Leave out the pictures and retype all the entries below exactly.

MATERIAL SUPPLIED:
- Opening Delimiter -

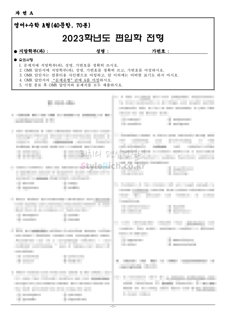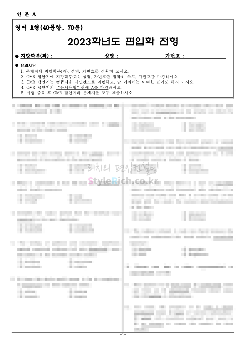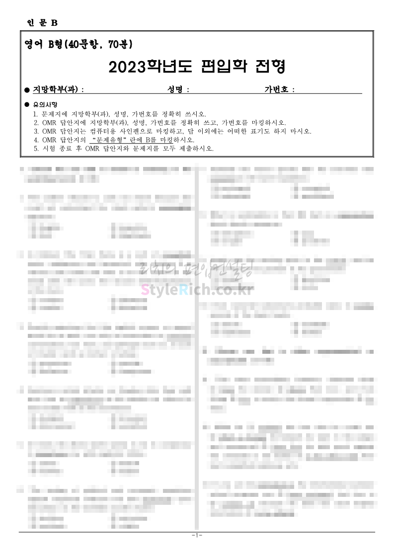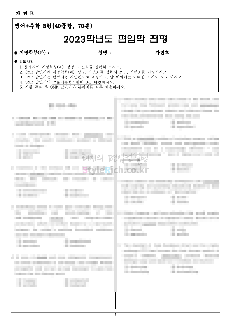 홍익대 편입 2023학년도 기출문제가 궁금하다면? 2023.09.27 00:43 편입 기출문제/2023학년도 기출문제 2023학년도 홍익대 편입 기출문제를 살펴보겠습니다. 2023학년도 홍익대 편입 인문계열 영어 기출문제는 40문항/70분, 객관식 4지선다형, 총점 75점 만점에 문항당 배점은 1.875점이며, TOEFL 형식입니다. 2023학년도-홍익대-편입-기출문제-인문-영어-A형 2023학년도-홍익대-편입-기출문제-인문-영어-B형 2023학년도 홍익대 편입 자연계 영어+수학 기출문제는 40문항(영어 25, 수학 15), 객관식 4지선다형, 총점 75점 만점에 문항당 배점은 영어 25문항 1.5점, 수학 15문항 2.5점으로 영어는 TOEFL 유형, 수학은 대학 1, 2학년 과정에서 배우는 대학수학과 공학수학의 기본적인 문제를 출제합니다. 2023학년도-홍익대-편입-기출문제-자연-영어+수학-A형 2023학년도-홍익대-편입-기출문제-자연-영어+수학-B형 2023학년도 홍익대 편입 기출문제 다운받기 2023학년도 홍익대 편입 기출문제 인문 영어 A형.pdf 0.12MB 2023학년도 홍익대 편입 기출문제 인문 영어 B형.pdf 0.12MB 2023학년도 홍익대 편입 기출문제 자연 영어+수학 A형.pdf 0.15MB 2023학년도 홍익대 편입 기출문제 자연 영어+수학 B형.pdf 0.15MB <출처: 홍익대> 공유하기 게시글 관리 리치의 편입컨설팅 저작자표시 비영리 변경금지 (새창열림) '편입 기출문제 > 2023학년도 기출문제' 카테고리의 다른 글 한국공학대 편입 2023학년도 기출문제가 궁금하다면? (0) 2023.11.04 가천대 편입 2023학년도 기출문제가 궁금하다면? (0) 2023.11.04 한양대 편입 2023학년도 기출문제가 궁금하다면? (0) 2023.09.26 한성대 편입 2023학년도 기출문제가 궁금하다면? (0) 2023.09.25 한국항공대 편입 2023학년도 기출문제가 궁금하다면? (0) 2023.09.25 댓글 공유하기 다른 글 댓글 이 글 공유하기 구독하기 구독하기 카카오톡 카카오톡 라인 라인 트위터 트위터 Facebook Facebook 카카오스토리 카카오스토리 밴드 밴드 네이버 블로그 네이버 블로그 Pocket Pocket Evernote Evernote 다른 글 한국공학대 편입 2023학년도 기출문제가 궁금하다면? 한국공학대 편입 2023학년도 기출문제가 궁금하다면? 2023.11.04 가천대 편입 2023학년도 기출문제가 궁금하다면? 가천대 편입 2023학년도 기출문제가 궁금하다면? 2023.11.04 한양대 편입 2023학년도 기출문제가 궁금하다면? 한양대 편입 2023학년도 기출문제가 궁금하다면? 2023.09.26 한성대 편입 2023학년도 기출문제가 궁금하다면? 한성대 편입 2023학년도 기출문제가 궁금하다면? 2023.09.25 다른 글 더 둘러보기
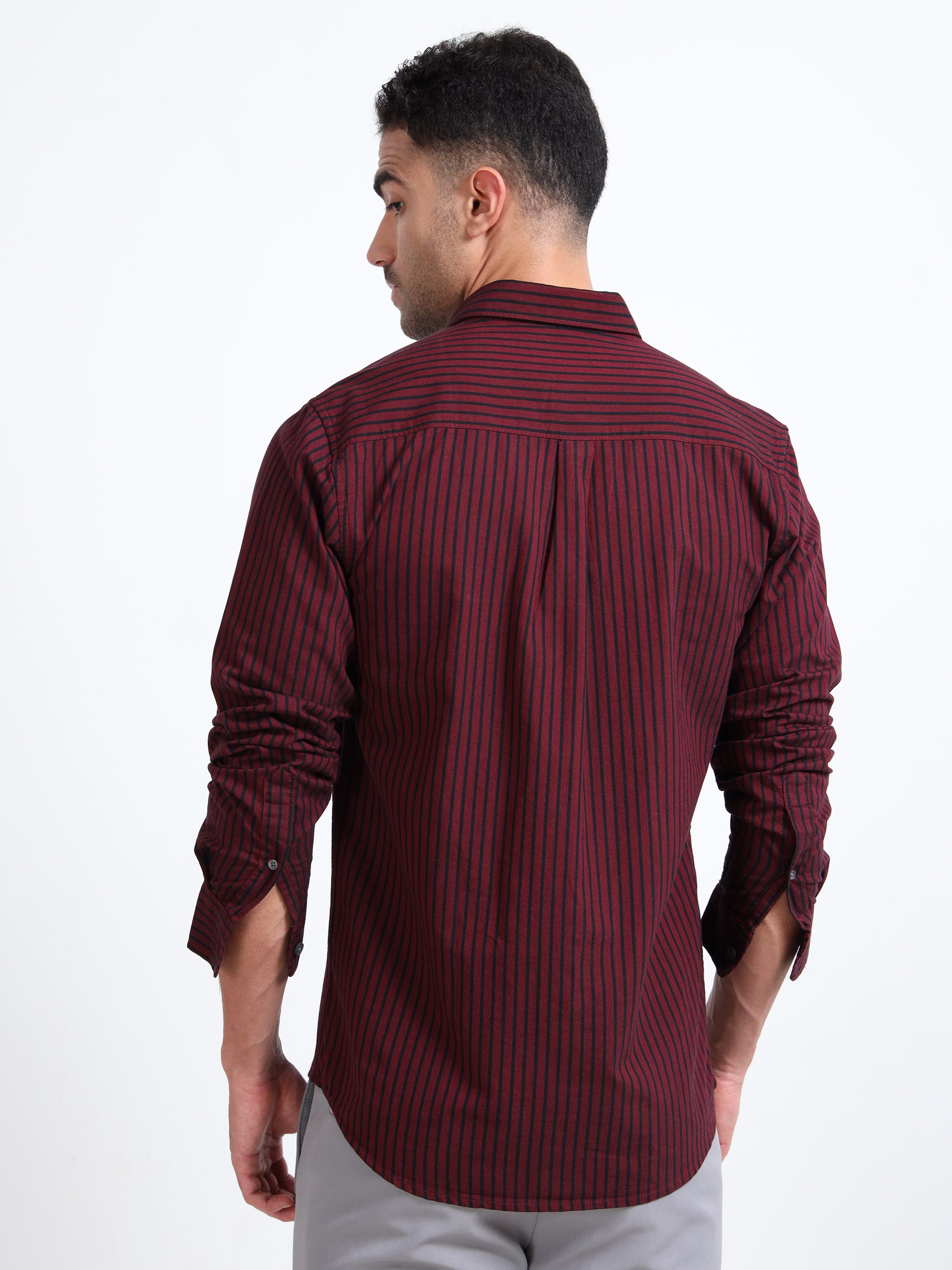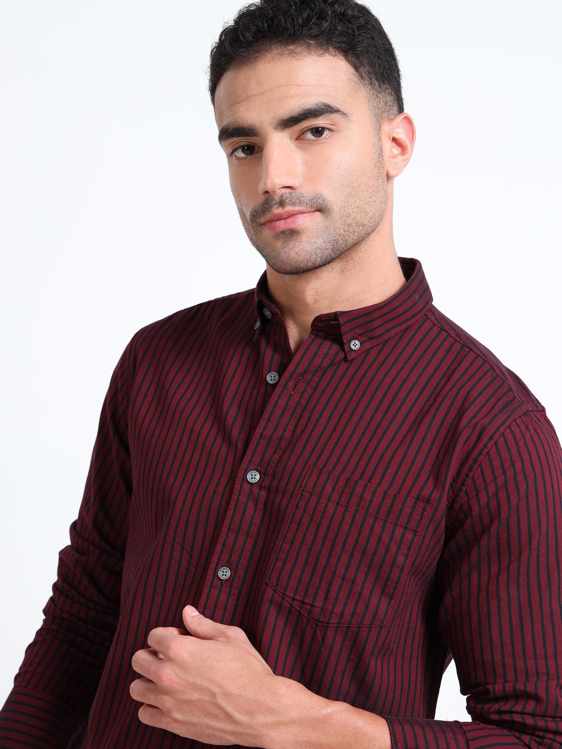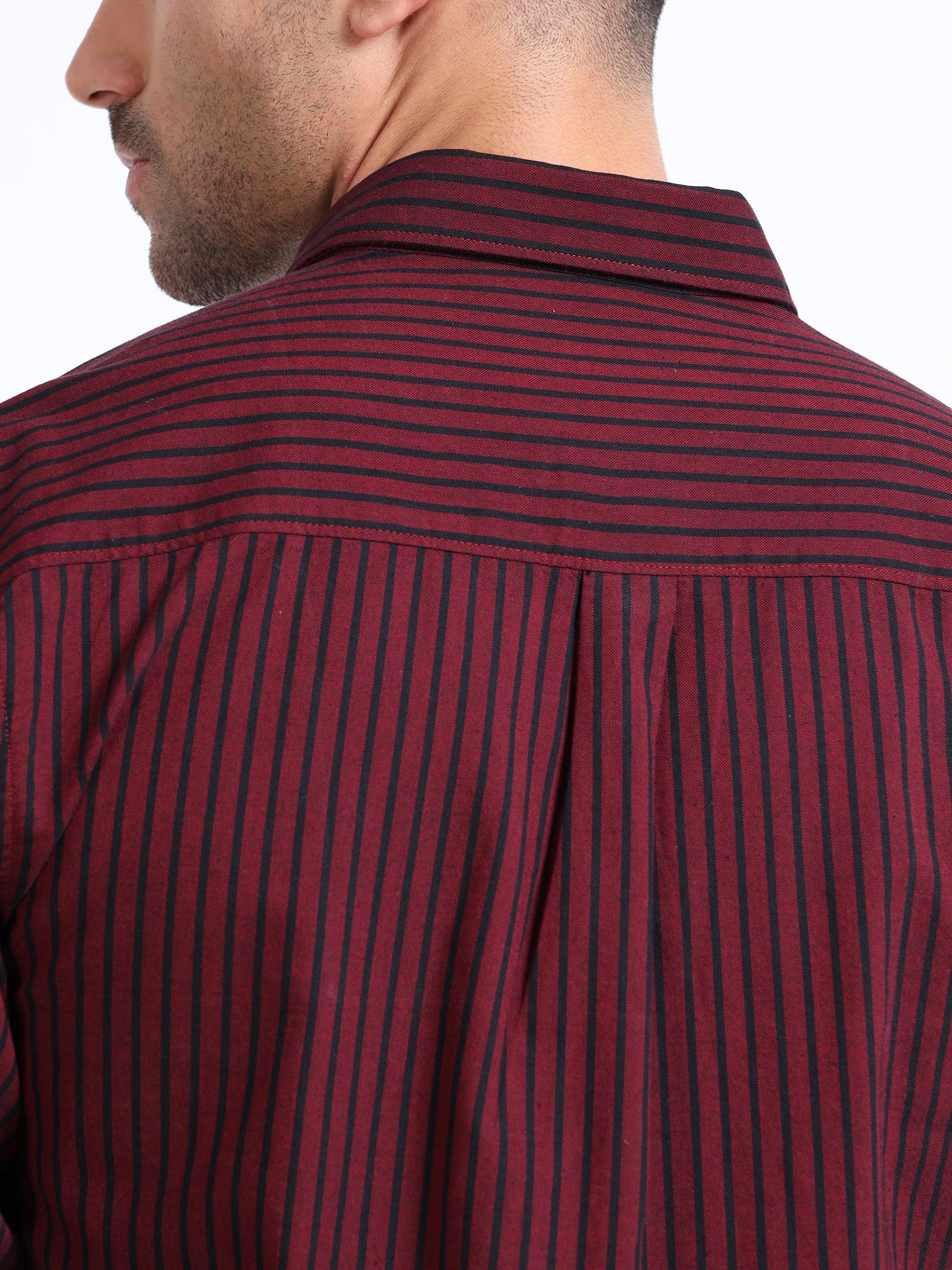 DYED OXFORD MAROON STRIPED SHIRT
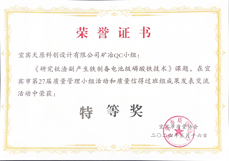 科創(chuàng)設(shè)計(jì)公司“研究鈦渣副產(chǎn)生鐵制備電池級磷酸鐵技術(shù)”課題榮獲QC成果“特等獎(jiǎng)”
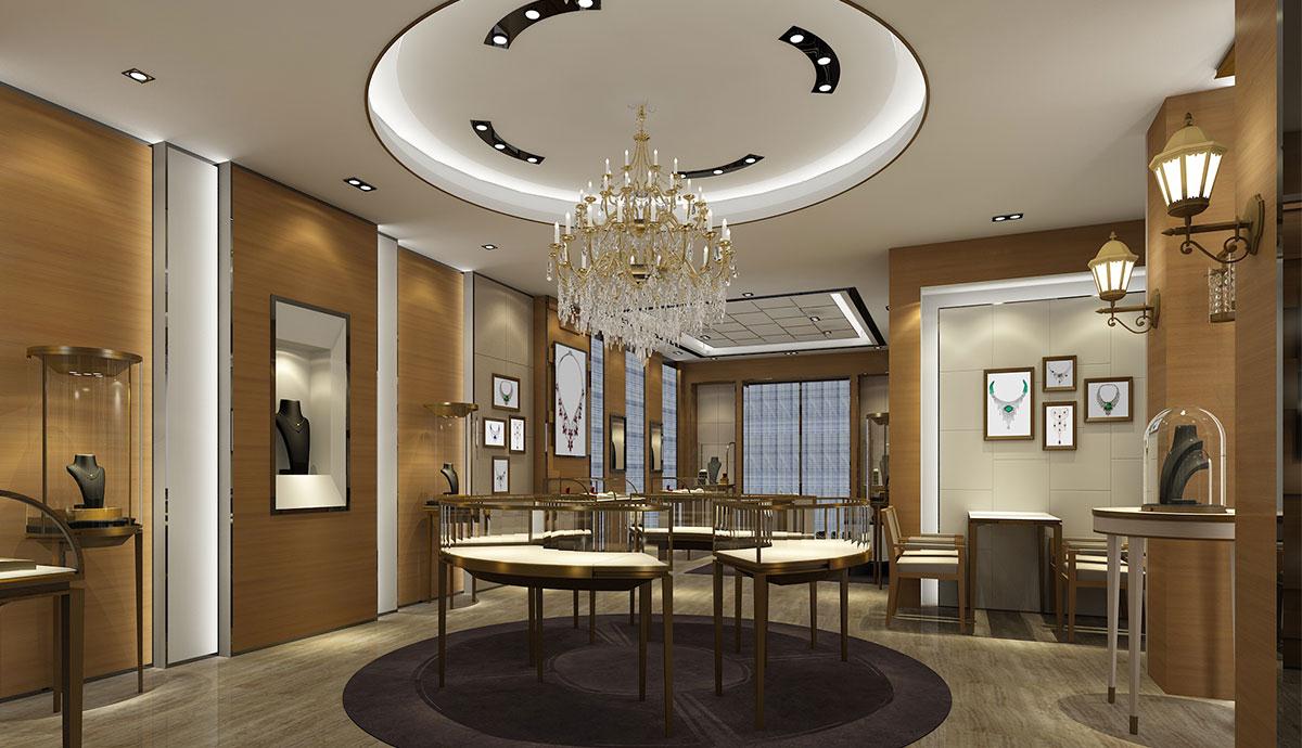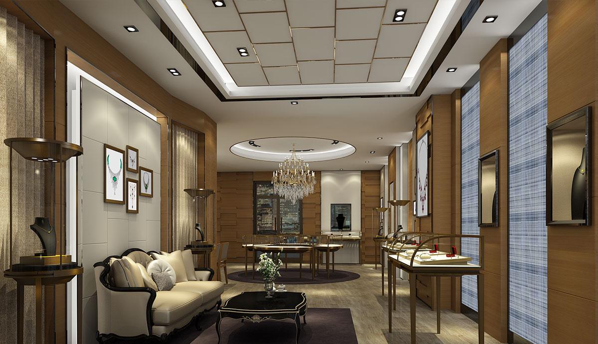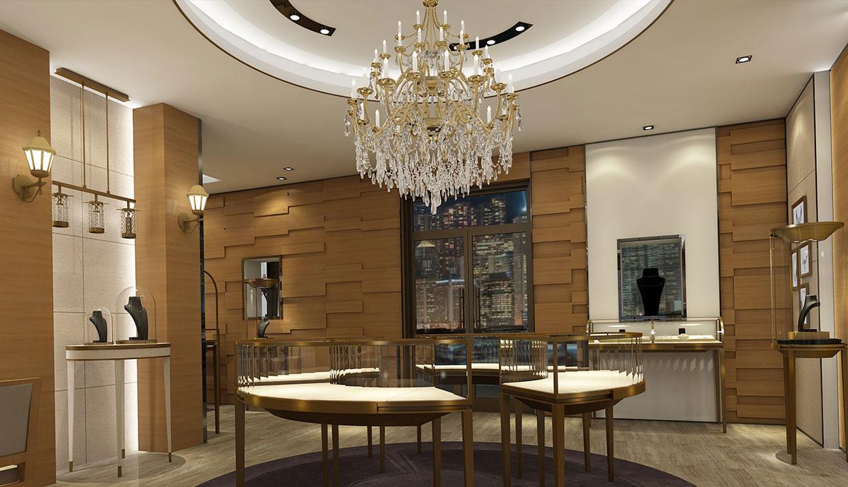 此项目位于阿联酋的金融中心迪拜,在繁华的商业中心我们试图用大面积的木色使得冷漠的空间有一定的温度,让消费者更愿意进店体验。精心设计的不规则的块面去装饰墙面,细节的加入壁灯,极富阿拉伯式美学。在店内装饰上没有复杂的道具,没有过多的去装饰空间。用木质结合简洁的金属装饰线条打造出一个简洁又不失细节的奢华空间,这样的空间设计风格既符合工装简单利索的风格又使整个店面充满奢华的设计感。中间奢华的水晶吊灯搭配各式的灯光组合更能烘托店内昂贵珠宝的璀璨。
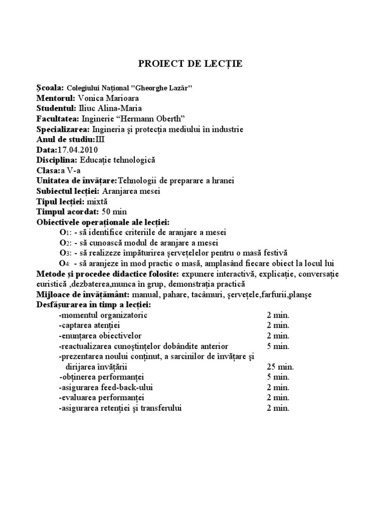 Proiect Lectie Aranjarea Mesei

- Closing Delimiter -

TASK OUTPUT:
 홍익대 편입 2023학년도 기출문제가 궁금하다면? 2023.09.27 00:43 편입 기출문제/2023학년도 기출문제 2023학년도 홍익대 편입 기출문제를 살펴보겠습니다. 2023학년도 홍익대 편입 인문계열 영어 기출문제는 40문항/70분, 객관식 4지선다형, 총점 75점 만점에 문항당 배점은 1.875점이며, TOEFL 형식입니다. 2023학년도-홍익대-편입-기출문제-인문-영어-A형 2023학년도-홍익대-편입-기출문제-인문-영어-B형 2023학년도 홍익대 편입 자연계 영어+수학 기출문제는 40문항(영어 25, 수학 15), 객관식 4지선다형, 총점 75점 만점에 문항당 배점은 영어 25문항 1.5점, 수학 15문항 2.5점으로 영어는 TOEFL 유형, 수학은 대학 1, 2학년 과정에서 배우는 대학수학과 공학수학의 기본적인 문제를 출제합니다. 2023학년도-홍익대-편입-기출문제-자연-영어+수학-A형 2023학년도-홍익대-편입-기출문제-자연-영어+수학-B형 2023학년도 홍익대 편입 기출문제 다운받기 2023학년도 홍익대 편입 기출문제 인문 영어 A형.pdf 0.12MB 2023학년도 홍익대 편입 기출문제 인문 영어 B형.pdf 0.12MB 2023학년도 홍익대 편입 기출문제 자연 영어+수학 A형.pdf 0.15MB 2023학년도 홍익대 편입 기출문제 자연 영어+수학 B형.pdf 0.15MB <출처: 홍익대> 공유하기 게시글 관리 리치의 편입컨설팅 저작자표시 비영리 변경금지 (새창열림) '편입 기출문제 > 2023학년도 기출문제' 카테고리의 다른 글 한국공학대 편입 2023학년도 기출문제가 궁금하다면? (0) 2023.11.04 가천대 편입 2023학년도 기출문제가 궁금하다면? (0) 2023.11.04 한양대 편입 2023학년도 기출문제가 궁금하다면? (0) 2023.09.26 한성대 편입 2023학년도 기출문제가 궁금하다면? (0) 2023.09.25 한국항공대 편입 2023학년도 기출문제가 궁금하다면? (0) 2023.09.25 댓글 공유하기 다른 글 댓글 이 글 공유하기 구독하기 구독하기 카카오톡 카카오톡 라인 라인 트위터 트위터 Facebook Facebook 카카오스토리 카카오스토리 밴드 밴드 네이버 블로그 네이버 블로그 Pocket Pocket Evernote Evernote 다른 글 한국공학대 편입 2023학년도 기출문제가 궁금하다면? 한국공학대 편입 2023학년도 기출문제가 궁금하다면? 2023.11.04 가천대 편입 2023학년도 기출문제가 궁금하다면? 가천대 편입 2023학년도 기출문제가 궁금하다면? 2023.11.04 한양대 편입 2023학년도 기출문제가 궁금하다면? 한양대 편입 2023학년도 기출문제가 궁금하다면? 2023.09.26 한성대 편입 2023학년도 기출문제가 궁금하다면? 한성대 편입 2023학년도 기출문제가 궁금하다면? 2023.09.25 다른 글 더 둘러보기
 DYED OXFORD MAROON STRIPED SHIRT
 科創(chuàng)設(shè)計(jì)公司“研究鈦渣副產(chǎn)生鐵制備電池級磷酸鐵技術(shù)”課題榮獲QC成果“特等獎(jiǎng)”
 此项目位于阿联酋的金融中心迪拜,在繁华的商业中心我们试图用大面积的木色使得冷漠的空间有一定的温度,让消费者更愿意进店体验。精心设计的不规则的块面去装饰墙面,细节的加入壁灯,极富阿拉伯式美学。在店内装饰上没有复杂的道具,没有过多的去装饰空间。用木质结合简洁的金属装饰线条打造出一个简洁又不失细节的奢华空间,这样的空间设计风格既符合工装简单利索的风格又使整个店面充满奢华的设计感。中间奢华的水晶吊灯搭配各式的灯光组合更能烘托店内昂贵珠宝的璀璨。
 Proiect Lectie Aranjarea Mesei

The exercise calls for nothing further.